# TASK PROMPT
Examine the records and identify each line that includes the string "نیاسین". Copy those lines.

# INPUT DATA
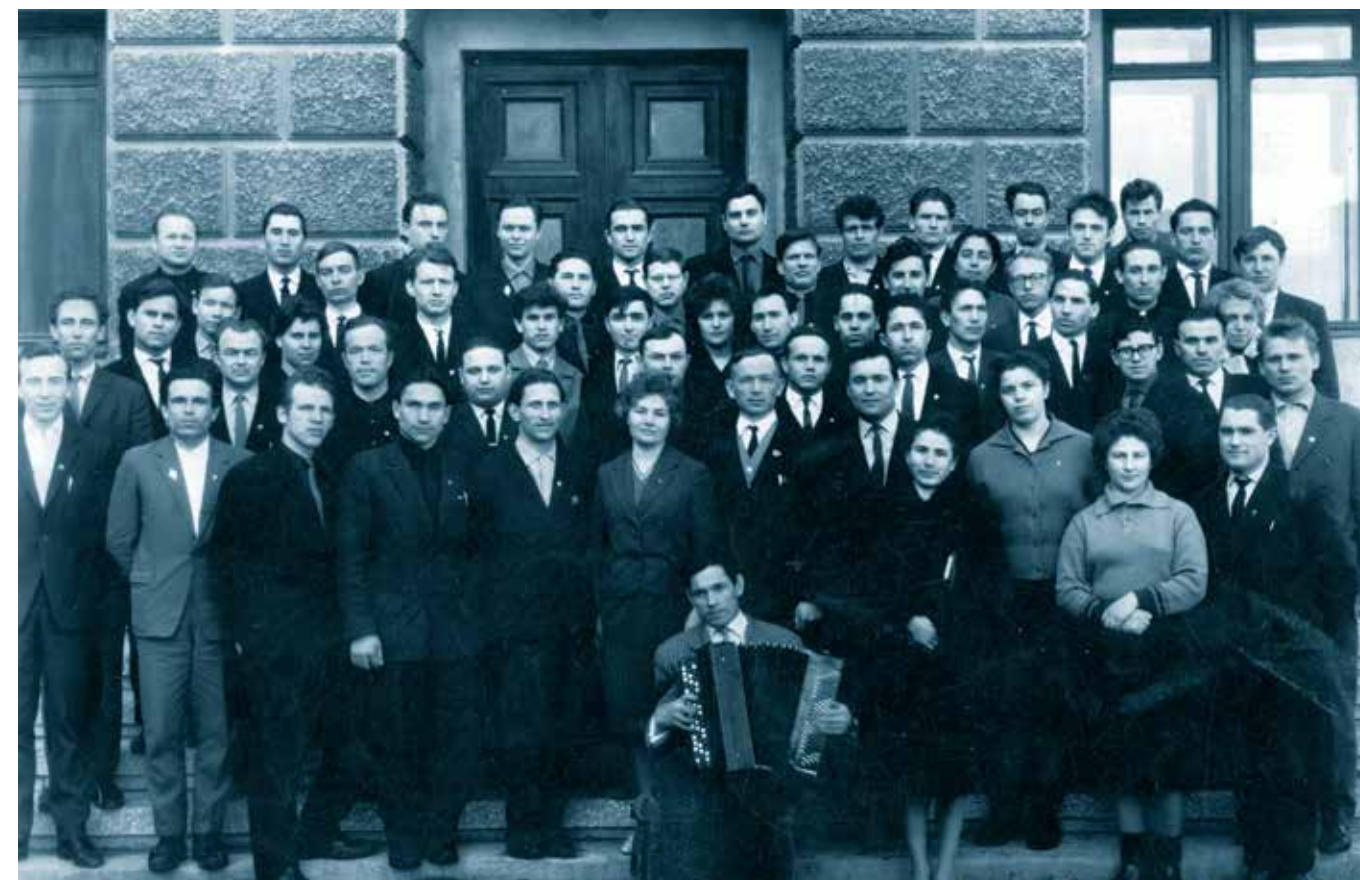
Участники семинара 1-х секретарей РК, ГК ВЛКСМ Чувашии и Мордовии. 1966 г.
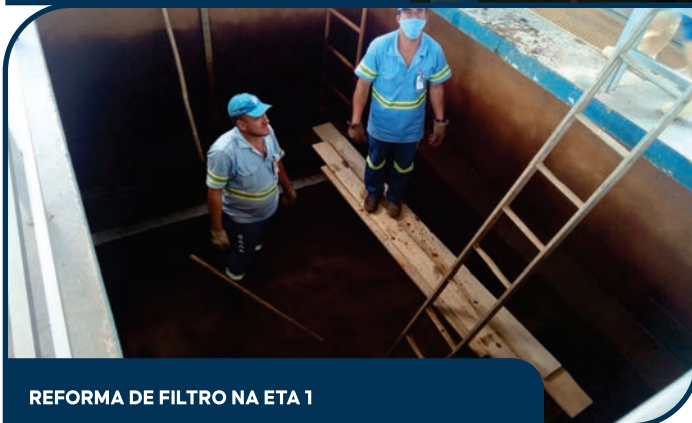
REFORMA DE FILTRO NA ETA 1
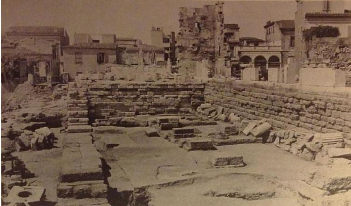
Ilustración 7. Cimentación arqueológica de la Stoa de Atalo previa a la restauración. Extraído de SARAGA, Nicoletta (2011). The Stoa of Attalos. The Museum of the Ancient Agora . Athens: Hellenic Ministry of Culture and Tourism.

El centro de la vida pública y política en Atenas en época griega es el ágora. Las excavaciones comenzaron en 1859 de manos de la Sociedad Arqueológica Griega en torno a la Iglesia de los Santos Apóstoles. En 1924, se produce la cesión de la dirección y excavación del área a la Escuela Americana de Estudios Clásicos de Atenas (ASCSA) que, junto al Gobierno Griego, coordina a día de hoy tanto las excavaciones como las actividades realizadas en el sitio. Los primeros objetivos de la ASCSA fueron la realización de catas, la delimitación del área arqueológica y la expropiación del suelo ocupado por el perímetro arqueológico para crear un plan de excavación arqueológica a largo plazo (Townsend, 1995).
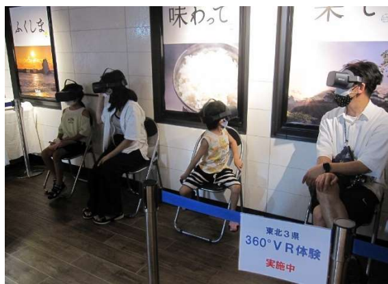
360度VR映像により東北の今を体験できるVR体験コーナーを設けました。
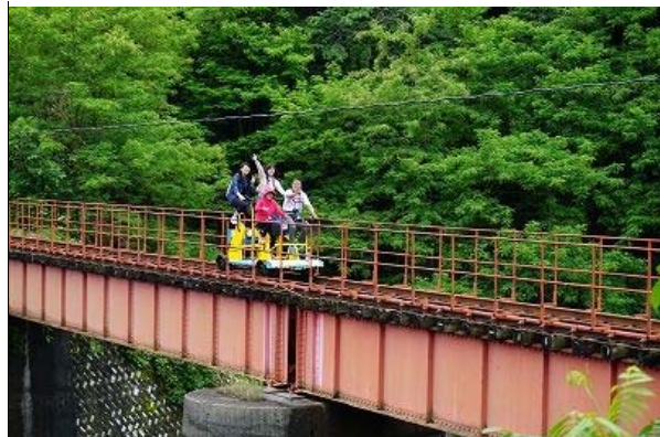
大館・小坂鉄道レールバイク
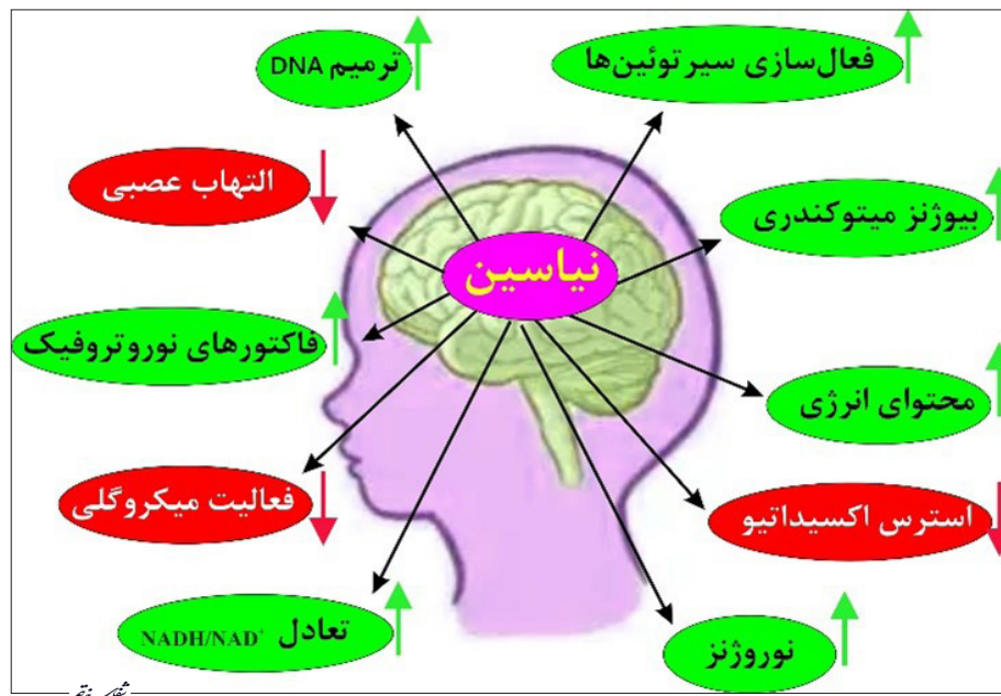
تصویر ۲- عملکردهای مهم ویتامین B۳ (نیاسین) در سیستم اعصاب مرکزی

با توجه به ویژگی‌های آنتی‌اکسیدانی، ضدالتهابی، و تنظیم‌کننده متابولیسم انرژی، نیاسین به‌عنوان یک عامل محافظت عصبی در بسیاری از مطالعات پیشنهاد شده است. افزایش سطح NAD^+ منجر به بهبود کارایی

# EXERCISE RESPONSE
تصویر ۲- عملکردهای مهم ویتامین B۳ (نیاسین) در سیستم اعصاب مرکزی
با توجه به ویژگی‌های آنتی‌اکسیدانی، ضدالتهابی، و تنظیم‌کننده متابولیسم انرژی، نیاسین به‌عنوان یک عامل محافظت عصبی در بسیاری از مطالعات پیشنهاد شده است. افزایش سطح NAD^+ منجر به بهبود کارایی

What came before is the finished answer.